# Available data
━━━━━━━━━━

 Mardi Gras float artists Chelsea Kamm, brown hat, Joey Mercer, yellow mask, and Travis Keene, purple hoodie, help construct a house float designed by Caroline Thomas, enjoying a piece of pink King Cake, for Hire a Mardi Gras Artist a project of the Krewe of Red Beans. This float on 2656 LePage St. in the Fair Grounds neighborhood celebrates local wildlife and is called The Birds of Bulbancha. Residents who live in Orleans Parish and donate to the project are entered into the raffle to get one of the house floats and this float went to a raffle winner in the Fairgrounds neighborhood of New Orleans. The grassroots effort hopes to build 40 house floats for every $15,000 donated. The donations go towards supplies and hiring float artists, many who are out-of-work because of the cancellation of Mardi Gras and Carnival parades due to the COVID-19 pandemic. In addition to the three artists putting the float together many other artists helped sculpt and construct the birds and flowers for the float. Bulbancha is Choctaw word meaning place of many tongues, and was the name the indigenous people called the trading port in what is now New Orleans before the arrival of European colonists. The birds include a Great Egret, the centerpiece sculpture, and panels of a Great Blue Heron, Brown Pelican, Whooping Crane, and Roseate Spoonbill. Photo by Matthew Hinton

━━━━━━━━━━

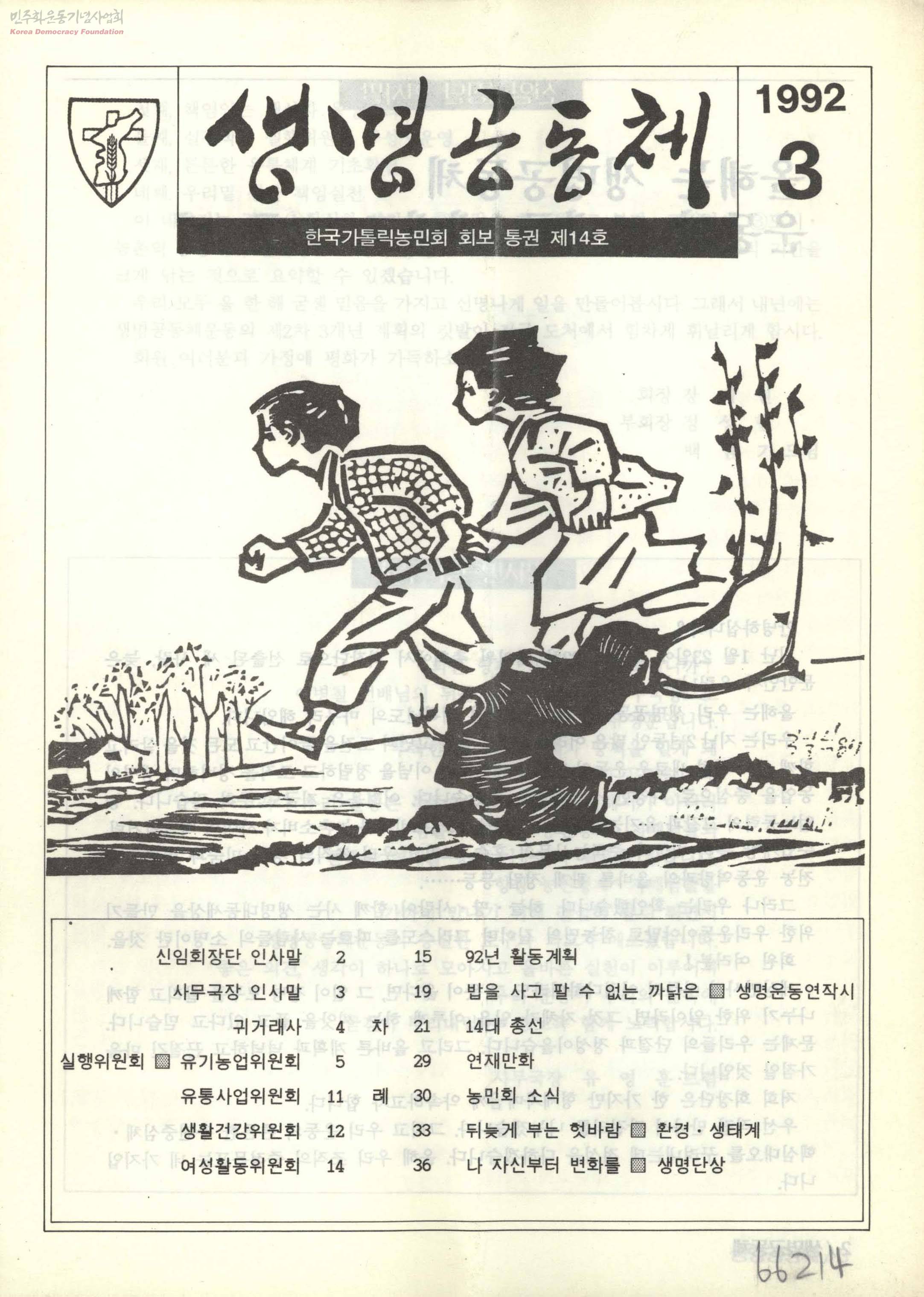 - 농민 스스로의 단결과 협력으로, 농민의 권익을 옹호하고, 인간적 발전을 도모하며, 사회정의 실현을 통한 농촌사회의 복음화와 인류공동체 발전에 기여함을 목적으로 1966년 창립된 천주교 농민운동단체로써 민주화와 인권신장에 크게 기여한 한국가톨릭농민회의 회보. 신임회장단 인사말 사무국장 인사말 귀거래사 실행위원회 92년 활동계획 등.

━━━━━━━━━━

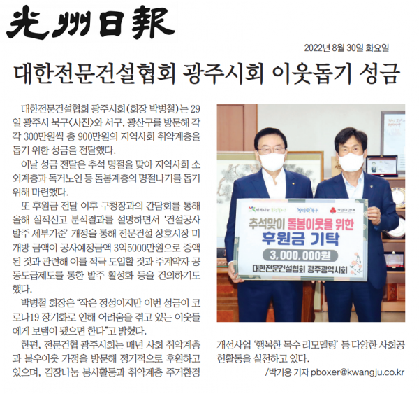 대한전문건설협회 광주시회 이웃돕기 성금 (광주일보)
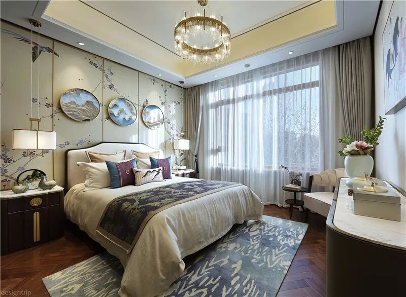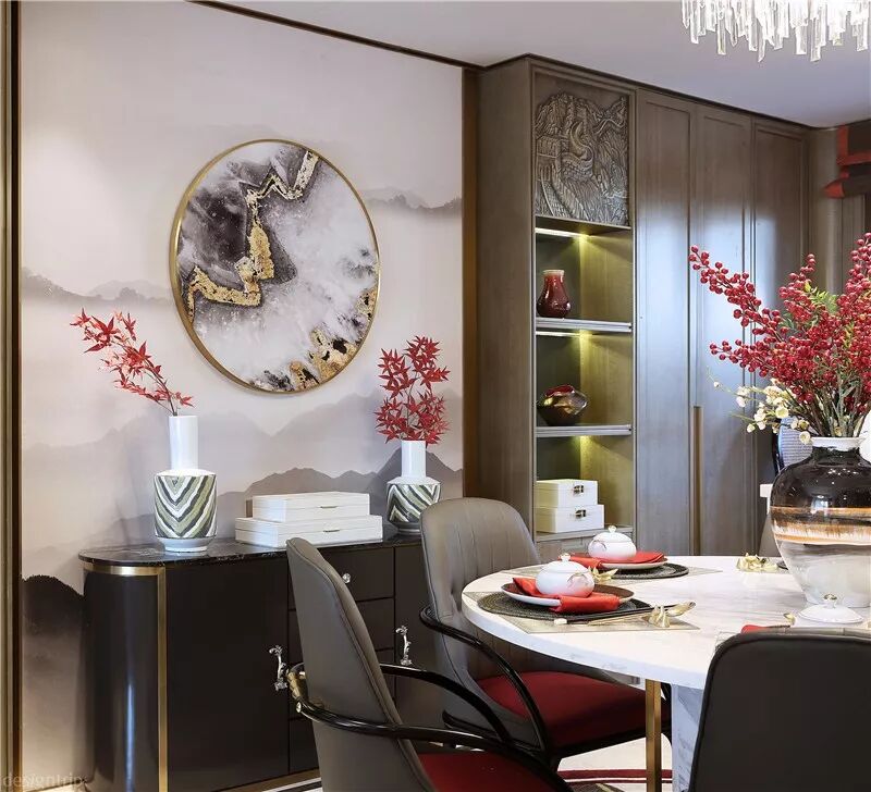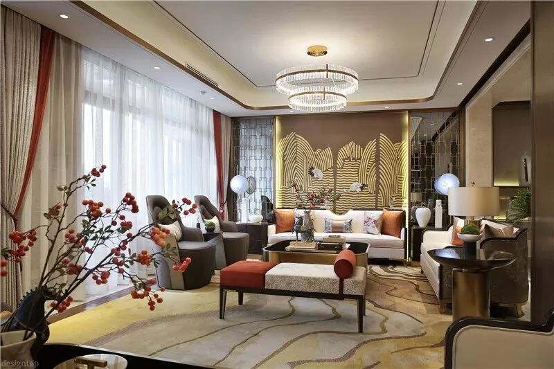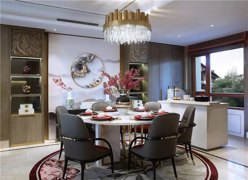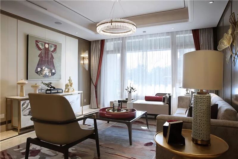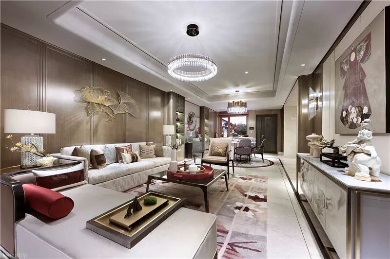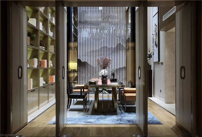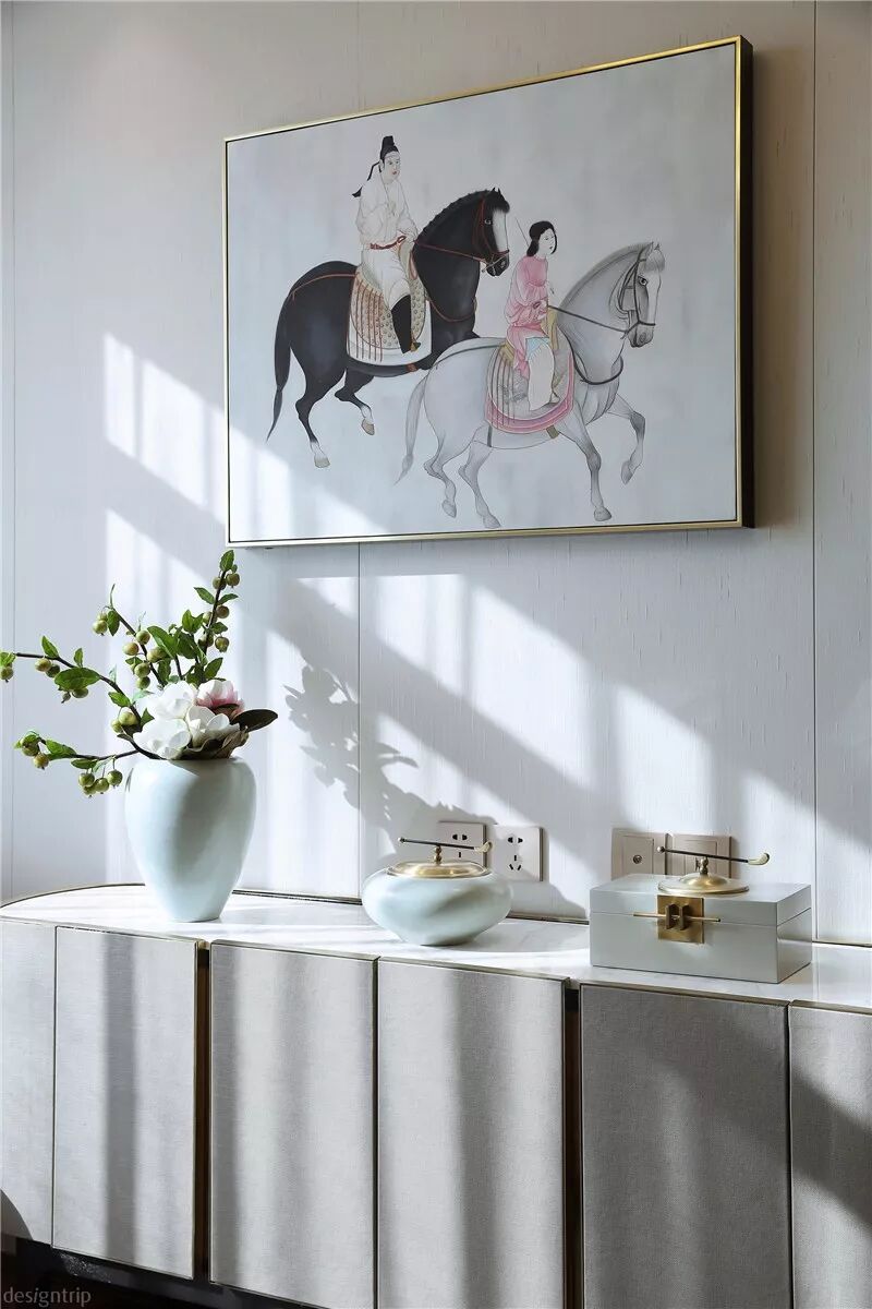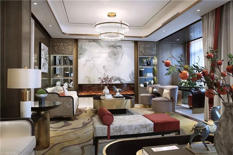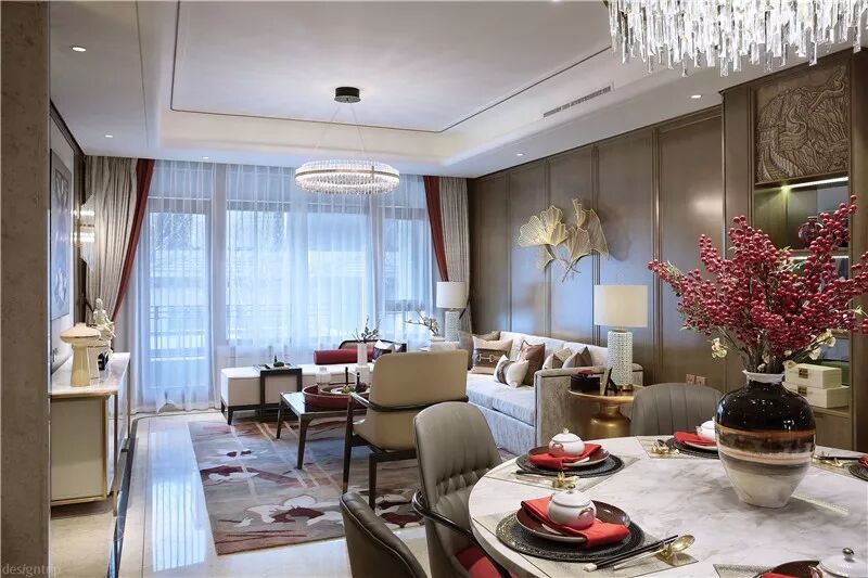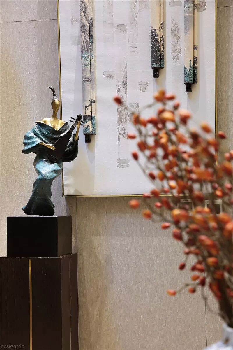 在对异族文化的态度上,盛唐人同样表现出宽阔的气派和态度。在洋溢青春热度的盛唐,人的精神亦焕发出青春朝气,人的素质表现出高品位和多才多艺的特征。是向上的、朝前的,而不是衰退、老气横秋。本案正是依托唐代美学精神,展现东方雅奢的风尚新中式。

━━━━━━━━━━

# Requirement
Here the job is to copy the listing above word for word, starting at the line with "대한전문건설협회 광주시회 이웃돕기 성금 (광주일보)" and ending at the line with "在对异族文化的态度上,盛唐人", and to leave out the pictures.

# Result of the task
 대한전문건설협회 광주시회 이웃돕기 성금 (광주일보)
 在对异族文化的态度上,盛唐人同样表现出宽阔的气派和态度。在洋溢青春热度的盛唐,人的精神亦焕发出青春朝气,人的素质表现出高品位和多才多艺的特征。是向上的、朝前的,而不是衰退、老气横秋。本案正是依托唐代美学精神,展现东方雅奢的风尚新中式。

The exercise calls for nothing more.